**Work task**
The first line of the entries and each line after it, through the one that contains "Strong, professional grade", are to be duplicated exactly; no picture belongs in the copy.

**Extracted records**

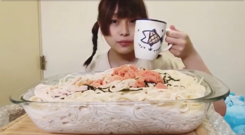 明太子クリームパスタ10人前を食べてるやつ🤤
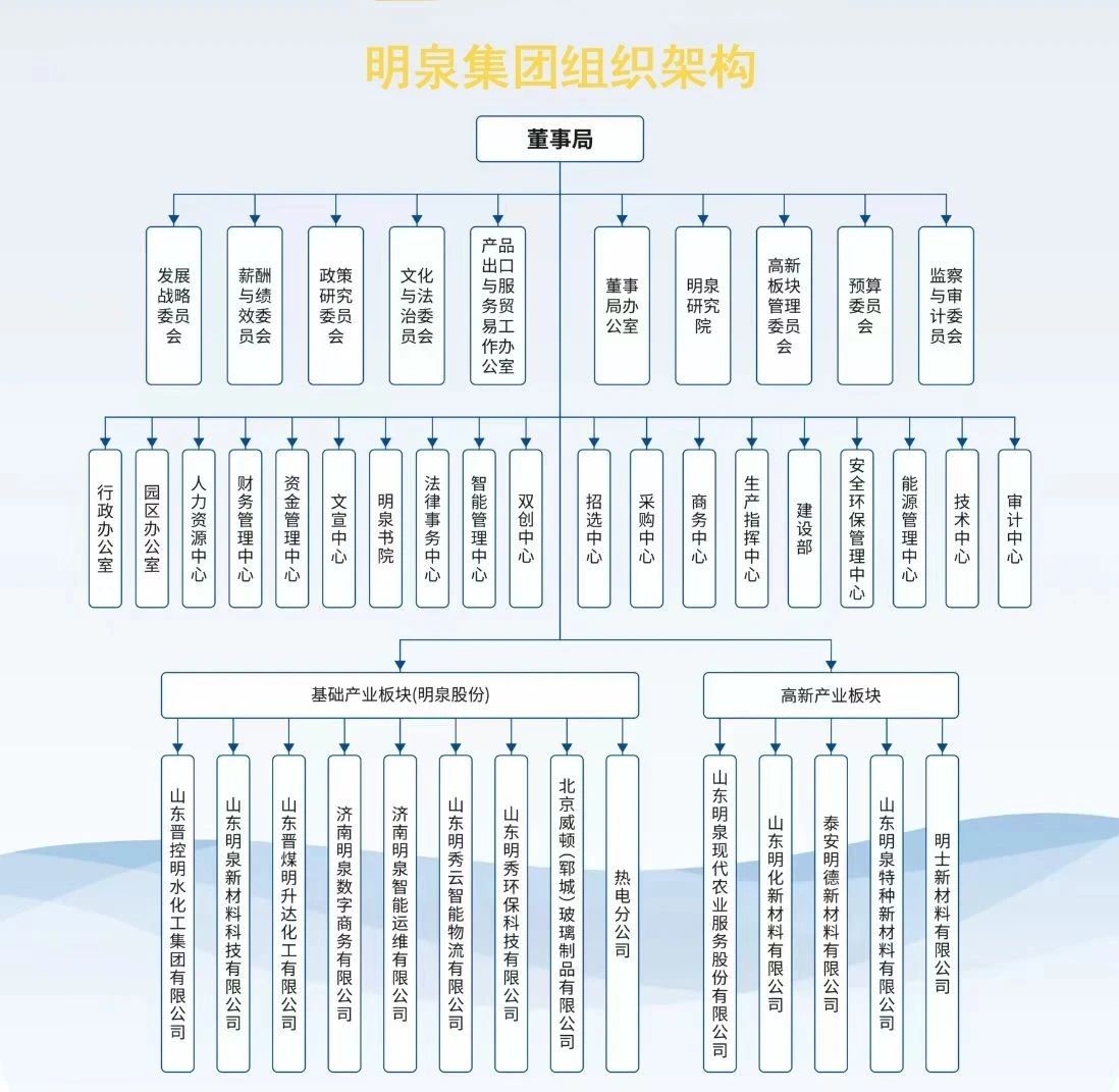 (三)明泉集团设立董事局,由我担任董事局主席。作为明泉的最高管理机构,董事局对全集团整体业务全面统辖。此次人员调整意义重大,是应对明泉内外部形势变化、适应明泉未来发展需要、促进基础产业与高端产业协同发展的必要之举。
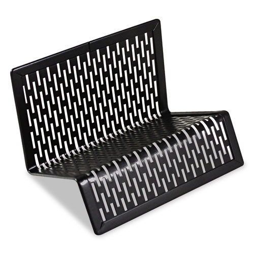 Strong, professional grade punched metal with decorative urban style slotted pattern. High quality satin finish complements any décor. Features protective feet to prevent surface wear and scratches on the desktop surface. Reinforced rounded edges provide durability and attractive detailing.
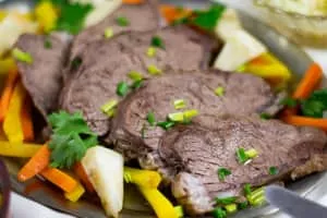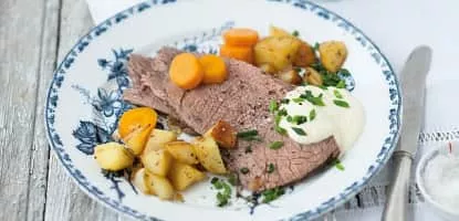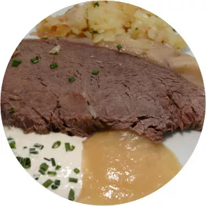 Tafelspitz is boiled veal or beef in broth, served with a mix of minced apples and horseradish. It is a classic dish of the Viennese cuisine and popular in all of Austria and the neighboring German state of Bavaria. Franz Joseph I, Emperor of Austria, was a great lover of Tafelspitz.
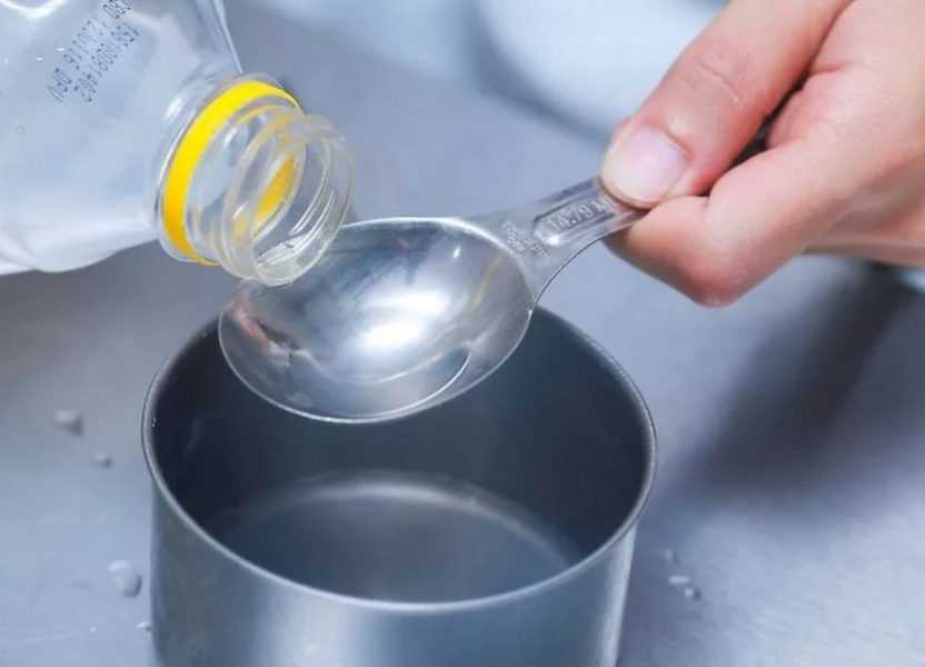 - в чистой емкости смешивают уксус и воду (пропорция 1:1);

**Output of the task**
 明太子クリームパスタ10人前を食べてるやつ🤤
 (三)明泉集团设立董事局,由我担任董事局主席。作为明泉的最高管理机构,董事局对全集团整体业务全面统辖。此次人员调整意义重大,是应对明泉内外部形势变化、适应明泉未来发展需要、促进基础产业与高端产业协同发展的必要之举。
 Strong, professional grade punched metal with decorative urban style slotted pattern. High quality satin finish complements any décor. Features protective feet to prevent surface wear and scratches on the desktop surface. Reinforced rounded edges provide durability and attractive detailing.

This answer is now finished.